Multiple spaceOn the basis of improving the resolution, the spatial resolution improving effect close to 2 times is further realized, the point spread function is set, the deconvolution processing is carried out on the modulation degree image, the central position of each projection laser focus is not required to be calibrated (the position can change along with the slippage deformation of the system structure, and the calibration is frequently carried out in the existing method), the resolution is further improved, the k-th power operation is carried out on the modulation degree image after deconvolution, the final chromatography super-resolution image is obtained, the capability of inhibiting background defocusing signals is maintained, and the spatial resolution is further improved.

Drawings

The accompanying drawings are included to provide a further understanding of the invention and are incorporated in and constitute a part of this specification, illustrate embodiments of the invention and together with the example serve to explain the principles of the invention and not to limit the invention.

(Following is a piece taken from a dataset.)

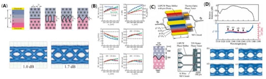 The polymer, characterized with the advantages of large EO coefficient, ultrafast response time, low dispersion, and spin-coating feature, is regarded as an ideal material for the EO modulators with low power consumption, ultra-high-speed operation, and ease of fabrication [53]. Hybrid integration of the silicon-based photonic crystal waveguides with electro-optic polymer realizes high-performance ultra-compact optical modulators through the combination of the slow-light effect and the unprecedented EO properties of polymers. In 2008, the electro-optic modulator with a polymer-infiltrated silicon photonic crystal waveguide was firstly proposed, which achieves a bandwidth of 78 GHz, a drive voltage amplitude of 1 V, and a length of only 80 μm [54]. Several physical effects were exploited for the remarkable performance, including the fast and strong nonlinearities of polymers infiltrated into silicon, the long interaction time provided by the Mach–Zehnder interferometer with slotted slow-light waveguides, and the short modulator length boosting the RC-constant-limited bandwidth [54]. Subsequently, such an EO modulator was demonstrated experimentally. By hybrid integration of the EO polymer with photonic crystal waveguide, an ultra-efficient EO modulation with a record low modulation efficiency of 0.56 V·mm was demonstrated. The modulated signal shows strong wavelength dependence and peak enhancement of 23 dB (Figure 10A) [55]. Nevertheless, the in-slot EO efficiency is relatively low due to the degrading poling efficiency, hindered by the narrow slot. A 320 nm slot for an electro-optic polymer-infiltrated silicon photonic crystal waveguide is demonstrated to overcome the problem. An effective in-device r33 of 735 pm/V as well as VπL = 0.44 V·mm were achieved (Figure 10B) [56]. A narrow operating optical bandwidth of <1 nm is an important problem remaining among slot photonic crystal modulators because of the high group-velocity dispersion in the slow-light optical spectrum range. To broaden the operating optical bandwidth of photonic crystal modulators, X. Zhang et al. demonstrated the lattice-shifted photonic crystal waveguides. The spatial shift of certain holes provides low-dispersion slow light and realizes an optical operation range of 8 nm (Figure 10C) [57]. A modulation efficiency of Vπ L = 0.282 V·mm measured at 100 KHz is achieved by slow-light enhancement, which realizes a record high effective in-device EO coefficient (r33) of 1230 pm/V. In addition, by introducing the silicon doping and backside gate technique, the EO bandwidth of the device is measured to be 15 GHz (Figure 10D) [58].

FIG. 1 is a flowchart of a method for acquiring a tomographic super-resolution image according to an embodiment of the present invention;

FIG. 2 is a schematic structural diagram of an apparatus for acquiring a tomographic super-resolution image according to an embodiment of the present invention;

FIG. 3 is a schematic structural diagram of an apparatus for acquiring a tomographic super-resolution image according to another embodiment of the present invention;

fig. 4 is a schematic structural diagram of an electronic device according to an embodiment of the present invention;

FIG. 5 (a) is a wide-field image with an out-of-focus background signal obtained by a conventional microscope provided by an embodiment of the present invention;

FIG. 5 (b) is an image processed using a prior art variance tomography method;

fig. 5 (c) is an image processed by the method provided in the embodiment of the present invention.

Detailed Description

In order to make the objects, technical solutions and advantages of the present invention more apparent, the present invention is described in further detail below with reference to the accompanying drawings and embodiments. It should be understood that the specific embodiments described herein are merely illustrative of the invention and are not intended to limit the invention.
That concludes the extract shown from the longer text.